### WHAT TO WORK ON
In the records below, find the line that contains "- По времени". Retype that line and all the lines after it through the end, leaving out the pictures.

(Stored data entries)
=== Begin Enclosure ===

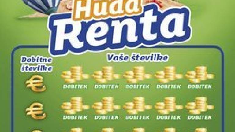 Srečka Huda Renta prinaša 10.000 evrov takoj in 1.000 evrov mesečne rente, srečka Mega Huda Renta pa kar 60.000 evrov takoj in 2.000 evrov mesečne rente.
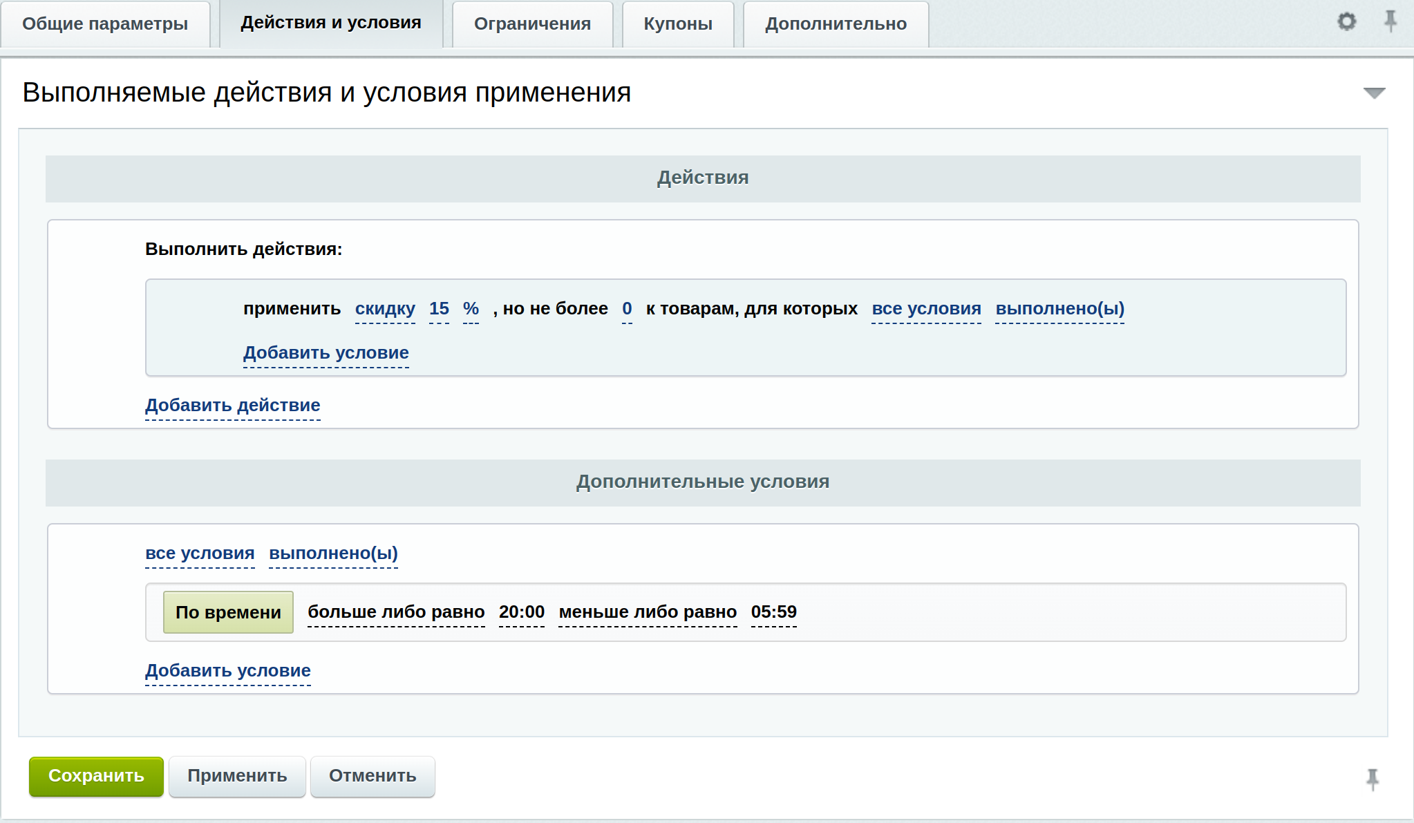 - По времени — позволяет задать скидку, которая будет действительна только в заданный период времени в течение дня.
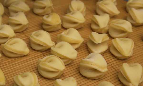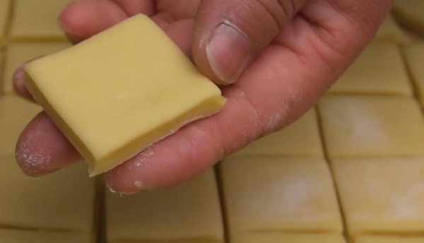第八步:切好的方块对角处沾上一些水之后对折粘合在一起,背面的两个对角同样沾水对折,一个花型核桃酥胚就做好了,同样的操作,把所有的方块都做成核桃酥胚。
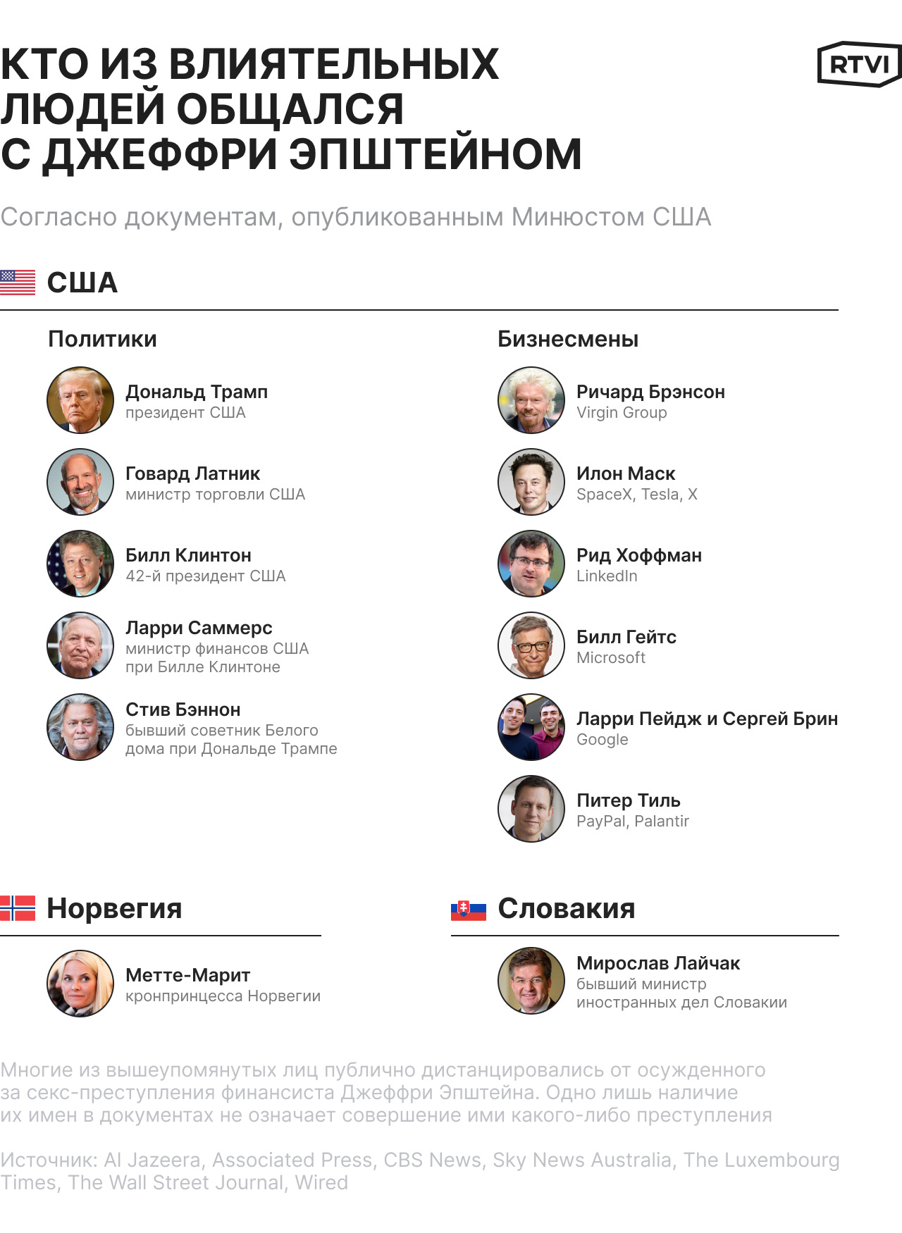 - Среди других известных американских бизнесменов в файлах Эпштейна так или иначе упоминаются основатель корпорации Virgin Group Ричард Брэнсон (позже он осудил секс-преступления Эпштейна), соучредитель Microsoft Билл Гейтс, сооснователи Google Ларри Пейдж и Сергей Брин, а также соучредитель PayPal и Palantir Питер Тиль.
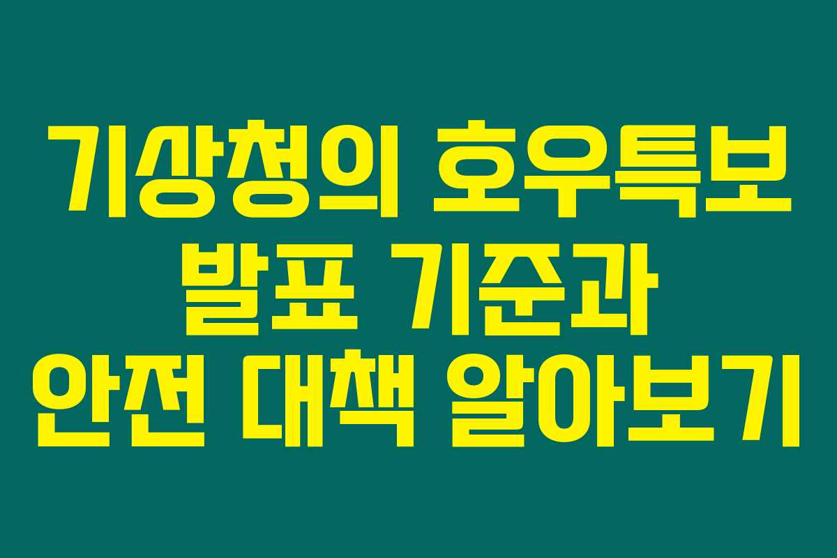 호우특보는 강한 비가 예상될 때 발표되는 중요한 경고로, 국민의 안전을 지키는 데 큰 역할을 합니다. 그렇지만 호우특보가 언제 어떻게 발표되는지에 대해 잘 모르는 경우가 많은데요. 아래를 읽어보시면 호우특보의 발표 기준과 기상청의 예보, 그리고 안전한 대처 방법까지 자세히 알아볼 수 있습니다.

=== End Enclosure ===

### SOLUTION FOR THIS PROBLEM
 - По времени — позволяет задать скидку, которая будет действительна только в заданный период времени в течение дня.
第八步:切好的方块对角处沾上一些水之后对折粘合在一起,背面的两个对角同样沾水对折,一个花型核桃酥胚就做好了,同样的操作,把所有的方块都做成核桃酥胚。
 - Среди других известных американских бизнесменов в файлах Эпштейна так или иначе упоминаются основатель корпорации Virgin Group Ричард Брэнсон (позже он осудил секс-преступления Эпштейна), соучредитель Microsoft Билл Гейтс, сооснователи Google Ларри Пейдж и Сергей Брин, а также соучредитель PayPal и Palantir Питер Тиль.
 호우특보는 강한 비가 예상될 때 발표되는 중요한 경고로, 국민의 안전을 지키는 데 큰 역할을 합니다. 그렇지만 호우특보가 언제 어떻게 발표되는지에 대해 잘 모르는 경우가 많은데요. 아래를 읽어보시면 호우특보의 발표 기준과 기상청의 예보, 그리고 안전한 대처 방법까지 자세히 알아볼 수 있습니다.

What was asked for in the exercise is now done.